Confederate Navy sailors

Salvador Pirates was the name given to the band of Confederate Navy sailors that attempted to seize a Panama Railroad coastal steamer on the high seas. Their intent was then to arm her and attack the Pacific Mail steamers and the American whalers in the North Pacific.

In spring of 1864, the Confederate Navy ordered Captain Thomas Egenton Hogg and his command to take passage on board a coastal steamer in Panama City, seize her on the high seas, arm her and attack the Pacific Mail steamers and the whalers in the North Pacific. In Havana, the American consul, Thomas Savage, learned about this conspiracy, and notified Rear Admiral George F. Pearson at Panama City. The Admiral had the passengers boarding the steamers at Panama City watched and when Hogg's command was found aboard the Panama Railroad steamer Salvador, a force from arrested them and brought them to San Francisco.
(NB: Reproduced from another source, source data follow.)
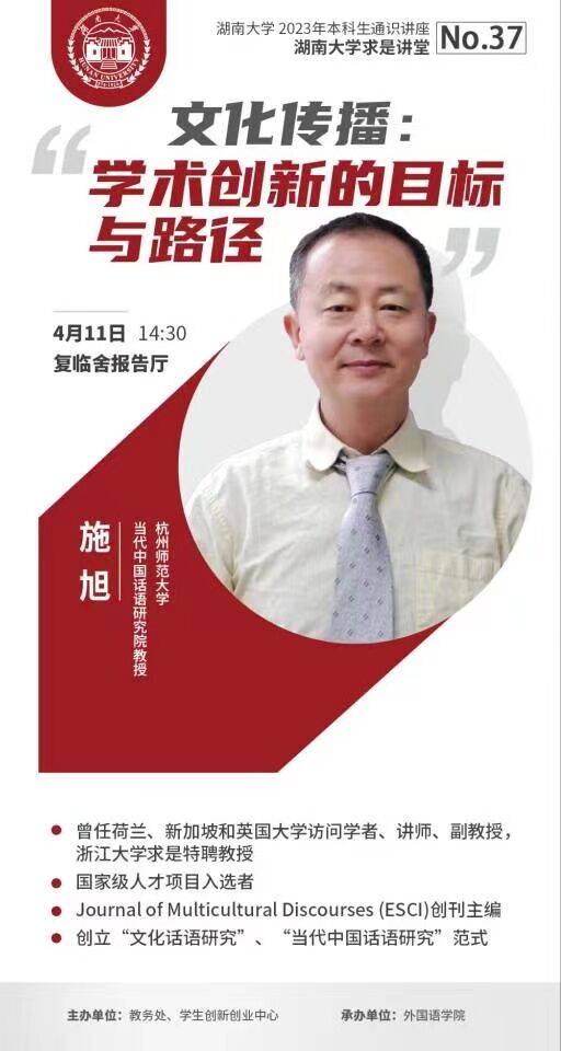 学术地点 复临舍报告厅 主讲人 施旭 杭州师范大学当代中国话语研究院教授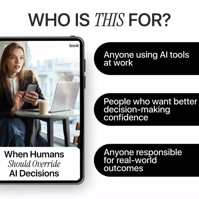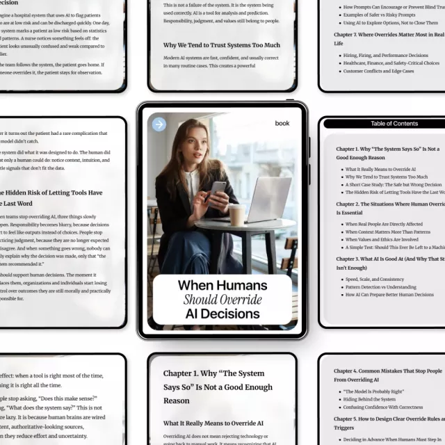 Unlike abstract AI ethics essays, When Humans Should Override AI Decisions is practical, grounded, and action-oriented. It focuses on real scenarios, clear tests, and usable frameworks you can apply immediately—without demonizing AI or glorifying automation.
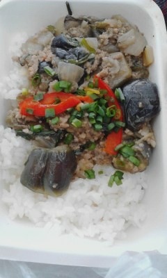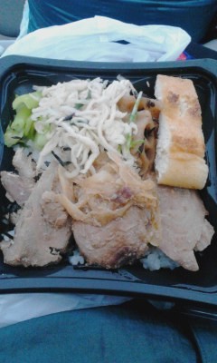 鮪の脳天ステーキ丼です。白いのは、切り干し大根のお惣菜でした。
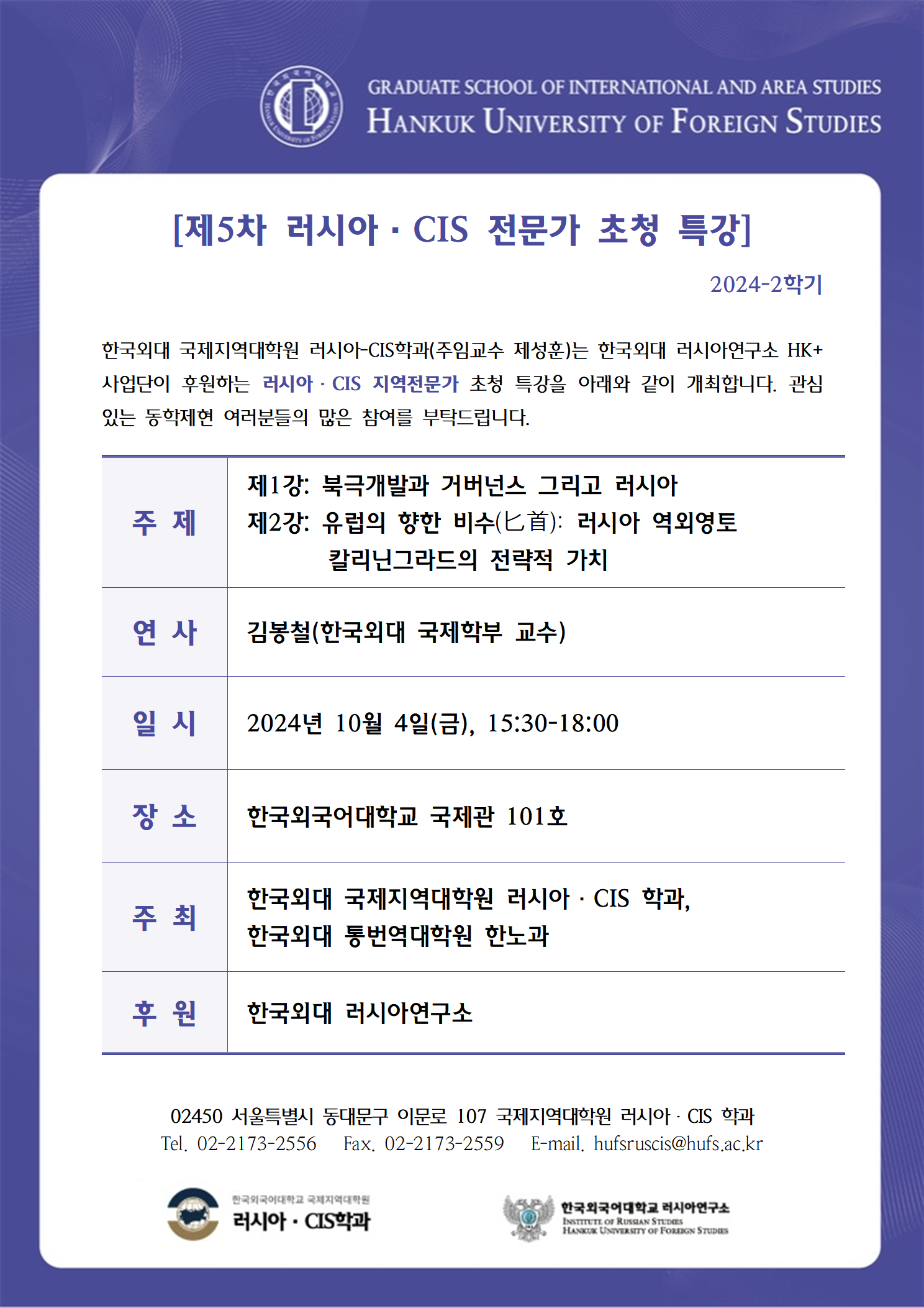 2024학년도 2학기 5차 특강: 북극개발과 거버넌스 그리고 러시아/유럽을 향한 비수: 러시아 역외영토 칼리닌그라드의 전략적 가치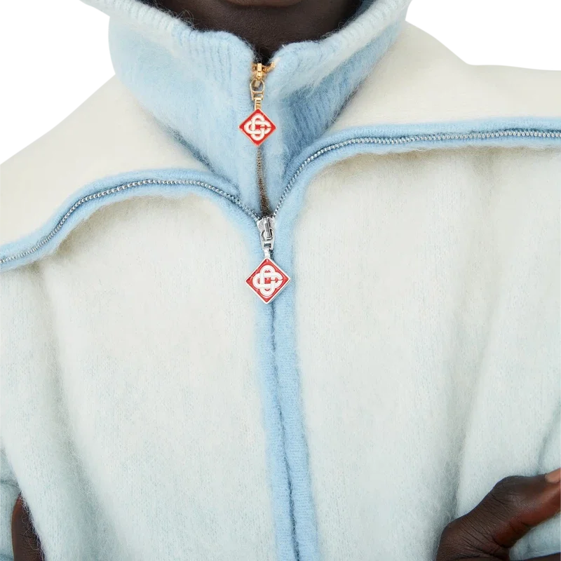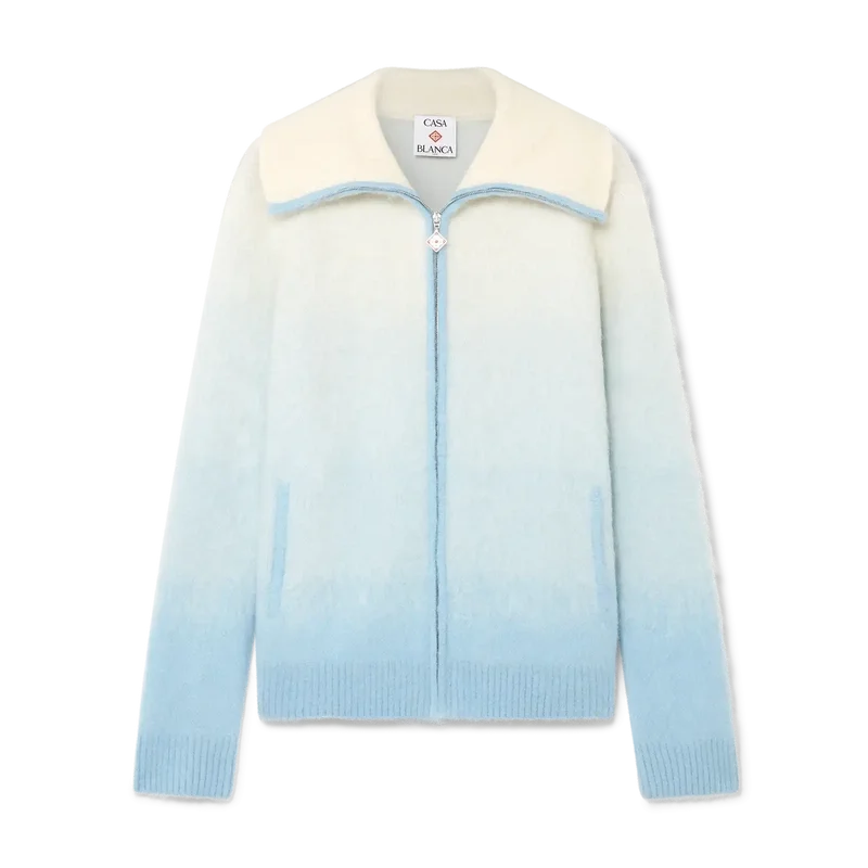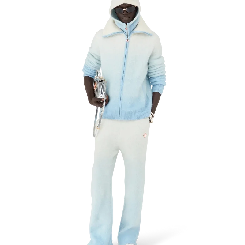 El jersey de esquí es un diseño refinado de estilo «après-sport» confeccionado en tejido de mezcla de mohair, con un degradado azul y blanco inspirado en el crepúsculo sobre la campiña nevada de Japón. Evoca la transición en la que la luz del día que se desvanece se encuentra con la nieve recién caída en los valles montañosos rurales y los arroyos helados que serpentean a través de las tierras de cultivo de Hokkaido.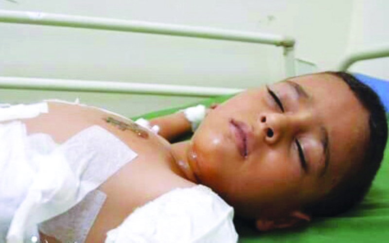 يقول صادق عبده أحد أقارب الأسرة لـ «البيان» أدت شظايا قذيفة الهاون لبتر اليد اليسرى للطفل محمد، وشظايا في البطن وفي رجليه،وهو الآن في حالة سيئة في المشفى «.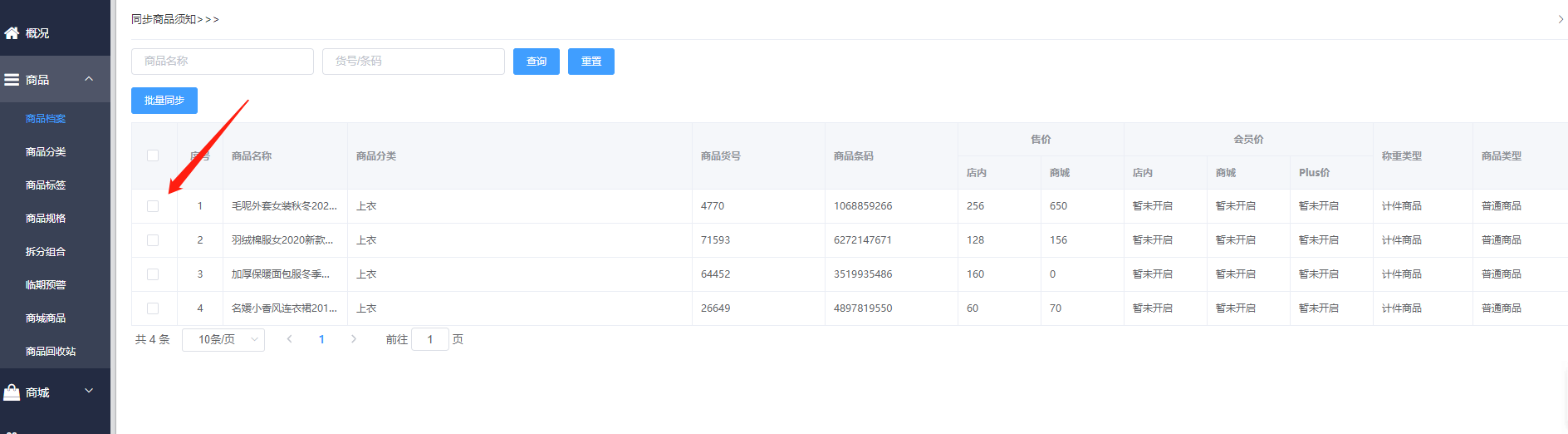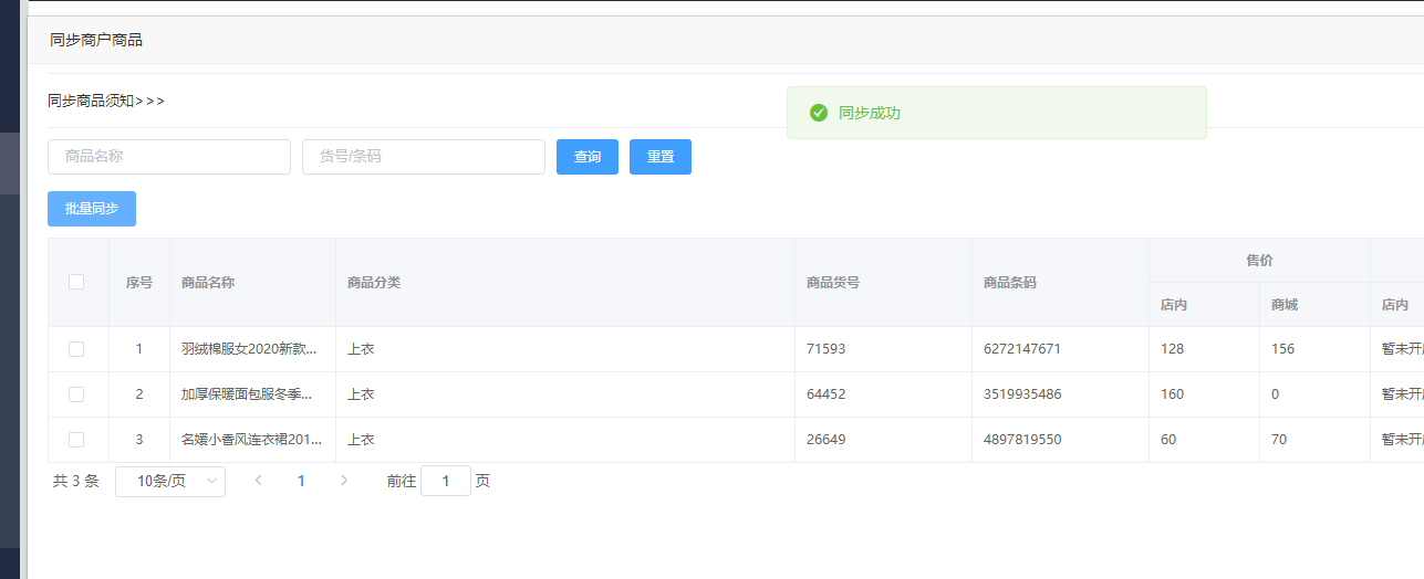 2.一个商品在一个门店只能同步一次

The Salvador Pirates as they came to be called, were tried for piracy by a military commission, convicted, and sentenced to be hanged, but General Irvin McDowell commuted their sentences. To prevent any further attempts to seize Pacific coast shipping, General McDowell ordered each passenger on board American merchant steamers to surrender all weapons when boarding, and every passenger and his baggage was searched. All officers were armed for the protection of their ships.